Themen: Kultur

Übersetzung, Illustration

Graphic Novel „Episoden einer kolonialen Gegenwart“

Graphic Novel „Episoden einer kolonialen Gegenwart“

„Episoden einer kolonialen Gegenwart“ ist ein kollaboratives Comic-Projekt von sieben Autor:innen und sieben Künstler:innen aus Mexiko, Namibia, China, Kanada, Indien, Deutschland und dem Baskenland. Alle Episoden beschäftigen sich mit alltäglicher, gegenwärtiger Kolonialität in unterschiedlichsten Ausprägungen. Viele der Geschichten sind von den Familiengeschichten und aktivistischen Erfahrungen der Autor:innen inspiriert.

 

Das Format der Graphic Novel wurde gewählt, um möglichst vielen Menschen einen Zugang zu komplexen Themen wie Dekolonisierung und den Auswirkungen des europäischen Kolonialismus zu bieten.

An der Coverillustration für die englischsprachige Ausgabe sowie an der deutschen Übersetzung dieses machtkritischen Beitrags zum Thema Dekolonisierung beteiligt zu sein, passt nicht nur thematisch genau in unser Portfolio, sondern entspricht auch unserer persönlichen Haltung.

 

 

ANIMATION, ERKLÄRFILM

In 2 Minuten erklärt: Animationsfilm für das RKI

In 2 Minuten erklärt: Animationsfilm für das RKI

Im Auftrag des Robert Koch-Instituts (RKI) durften wir das Online-Dashboard VacMap in einem kompakten Animationsfilm vorstellen. Konzeption, Design und Umsetzung: alles aus der Hand von Planet Neun.

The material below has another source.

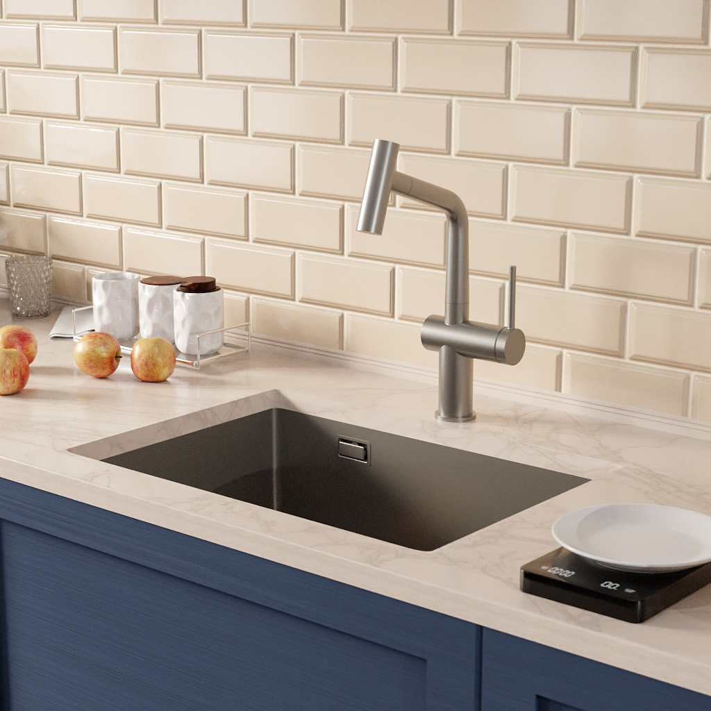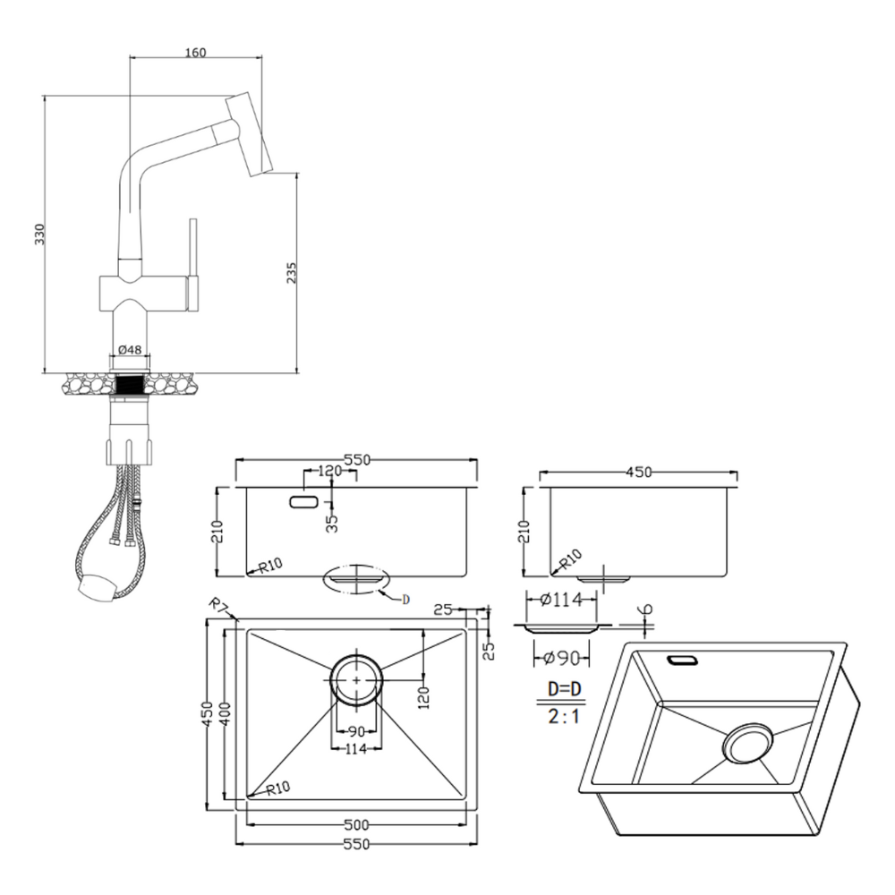 Caractéristiques de l'évier de cuisine sous plan 55x45x21 cm en inox 304, 1 bac + mitigeur d'évier à levier en acier inoxydable avec douchette extractible, monotrou, Ceramia Timeless, gun metal brossé (TMLKSU-5545BGM-M1) :

Das RKI-Tool VacMap zeigt die Impfquoten auf Bundes- und Kreisebene – leicht zugänglich und auf Basis valider Abrechnungsdaten. Der Film betont die Nützlichkeit von Impfquoten, beispielsweise im Rahmen fundierter Entscheidungen durch medizinisches Fachpersonal, und visualisiert die konkrete Bereitstellung dieser Informationen. Wichtig dabei ist die Sicherheit sensibler Gesundheitsdaten. Insgesamt zeichnet sich der Erklärfilm durch eine klare und informative Umsetzung aus, die sowohl Fachpublikum als auch interessierter Öffentlichkeit einen verständlichen Einblick in die Bedeutung und Nutzung des VacMap-Dashboards ermöglicht.

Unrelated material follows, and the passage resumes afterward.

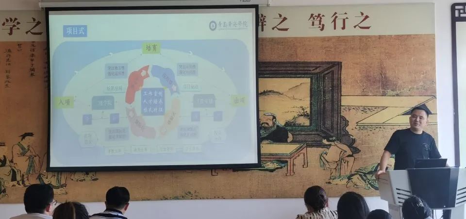 在产教融合的大背景下,于老师根据自身科研经历,建议教师们要有清晰的自我认知——找的准“门道”、耐得住“煎熬”、经得起“推敲”:学习成功者的长处,提出自己的创新点;学会思考如何利用专业优势和结合国家时政来做出相关的科研项目;学会研习国家相关最新政策的具体含义,理解最新形势,把握正确的思路。于老师以“四文化育人”为例就如何探究“一主线四融合”的文化育人模式做了案例式说明。

Mit modernen Infografik-Elementen, ruhiger Bewegungsführung und einer seriös anmutenden Farbwelt gelingt eine zugängliche und visuell ansprechende Darstellung komplexer Impfdaten. Die dezente Erzählweise und das strukturierte Design sollen den Fokus auf die Inhalte lenken. Eine ruhige Off-Stimme führt präzise durch das Video und trägt wesentlich zur barrierearmen Informationsvermittlung bei.

Uns hat besonders begeistert, den Film von Anfang bis Ende mitgestalten zu können – vom ersten Konzept bis zum finalen Design. Die enge Zusammenarbeit, das Entwickeln einer klaren visuellen Sprache und die sinnstiftende Aufgabe in der Wissenschaftskommunikation machen das Projekt für uns besonders wertvoll.

Lektorat, Übersetzung

FU Berlin: Erinnerung an rassistische Forschung

FU Berlin: Erinnerung an rassistische Forschung

Die Freie Universität Berlin hat das Projekt „Geschichte der Ihnestraße 22“ ins Leben gerufen. Der Fachbereich Politik und Sozialwissenschaften befasst sich in dem Projekt mit der Geschichte und dem Nachwirken des Kaiser-Wilhelm-Instituts für Anthropologie, menschliche Erblehre und Eugenik (KWI-A). Ziel war es, einen Erinnerungsort zu schaffen und auf die drastische Geschichte von Entmenschlichung und Rassismus an diesem Ort zurückzublicken. Planet Neun hat in diesem Projekt die Lektorats- und Korrektoratsarbeiten für die Ausstellungtexte sowie die Übersetzung ins Englische übernommen.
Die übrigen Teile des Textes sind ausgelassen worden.